As can be seen, if we do implement the `Collector` interface, we will have to implement essentially the same methods as that used by the second version of the `collect` method. In addition, we have a couple of extra methods which are not only interesting, but quite vital if we wish to implement the interface:

• `finisher`: This is the main method that we need to implement as per our collection logic. This is the actual part where the accumulated values of the stream are massaged together into the final return value. The type parameters give a big hint in this regard – the return type,
`R` is the same as that returned by the overall `collect`
method.
• `characteristics`: This is where we need to be careful. The `enum` has three variants – `CONCURRENT`, `IDENTITY_FINISH`, and `UNORDERED`. The bottomline is this – always use `CONCURRENT` for your custom types if the final value depends on the ordering of the values in the stream, or use `UNORDERED` if they do not. In the case of collecting values into a custom non-collection type, I don’t see any scenario where you would want to use `IDENTITY_FINISH` (unless you are a big fan of unsolicited `ClassCastException`S).

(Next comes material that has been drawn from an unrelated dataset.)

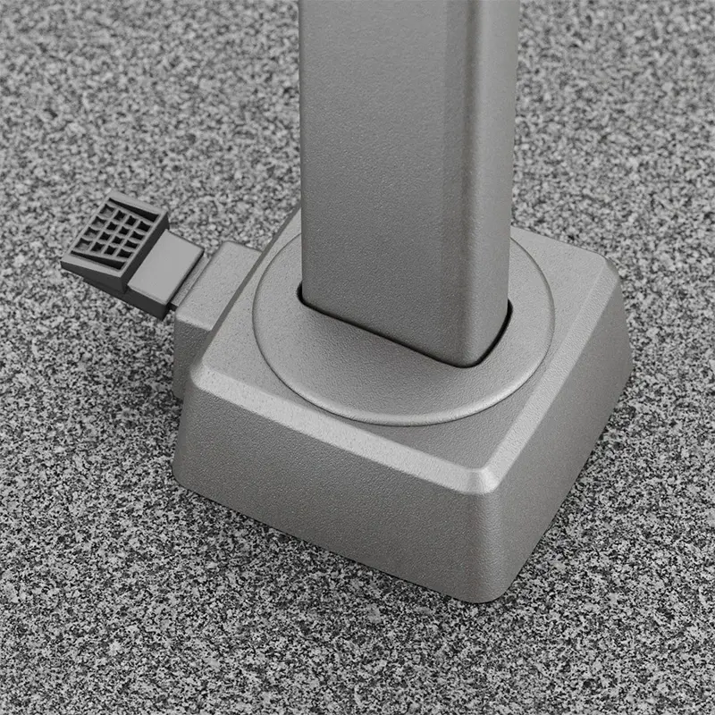 Deze set bestaat uit De Halifax Zweefparasol, een parasol beschermhoes en een granieten parasolvoet van 90 kg.
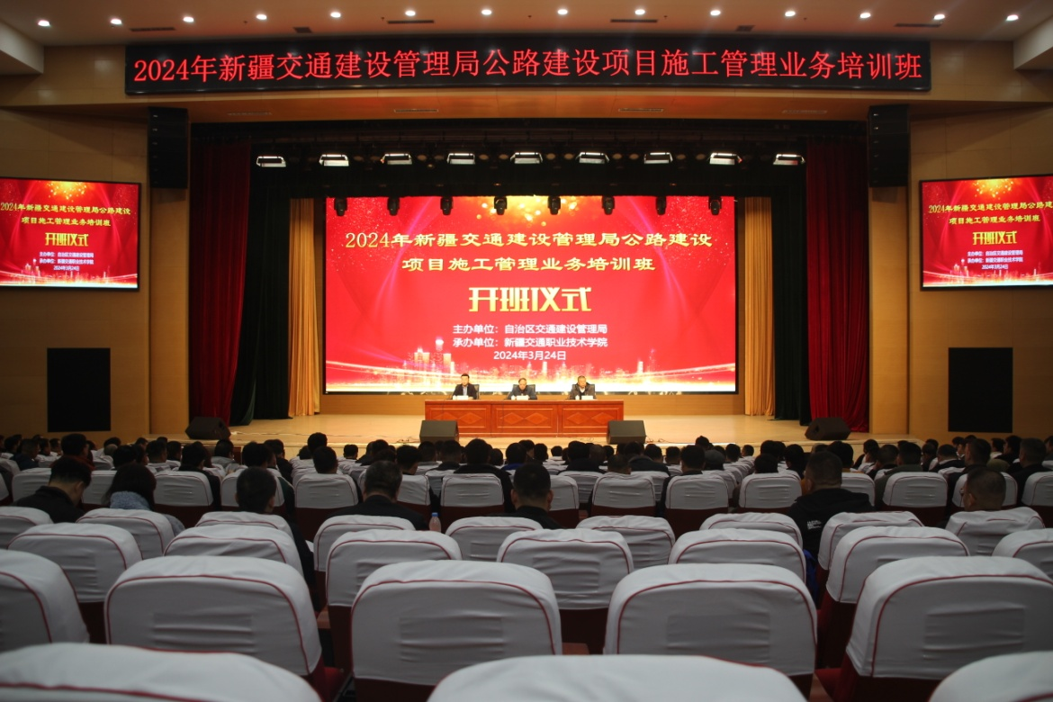 3月24日上午,由自治区交通建设管理局主办,新疆交通职业技术学院承办的2024年交通建设管理局项目管理培训班在学院正式开班。

In short, this variant indicates that the `finisher` function is essentially an identity function, meaning that it can be skipped, and the currently accumulated value returned as the overall result (which is precisely what we wish to avoid).

One final comment to understand the `collect` method once and for all – what all those terms mean!

• `Supplier`: This is the mechanism by which the input values are supplied to the `collect` method.
• `Accumulator`: This is where the elements of the stream are combined with a running accumulator (which may be of a different type from the elements themselves), “reduced”, or “folded” in Functional terms.
• `Combiner`: Similar to the accumulator, but the elements being combined together are of the same type. In most cases, this type would be a collection type, and finally,
• `Finisher`: This is the meat of the whole collector. This is where the actual custom logic goes into to take the values produced by the combiner into the final result of the given return type.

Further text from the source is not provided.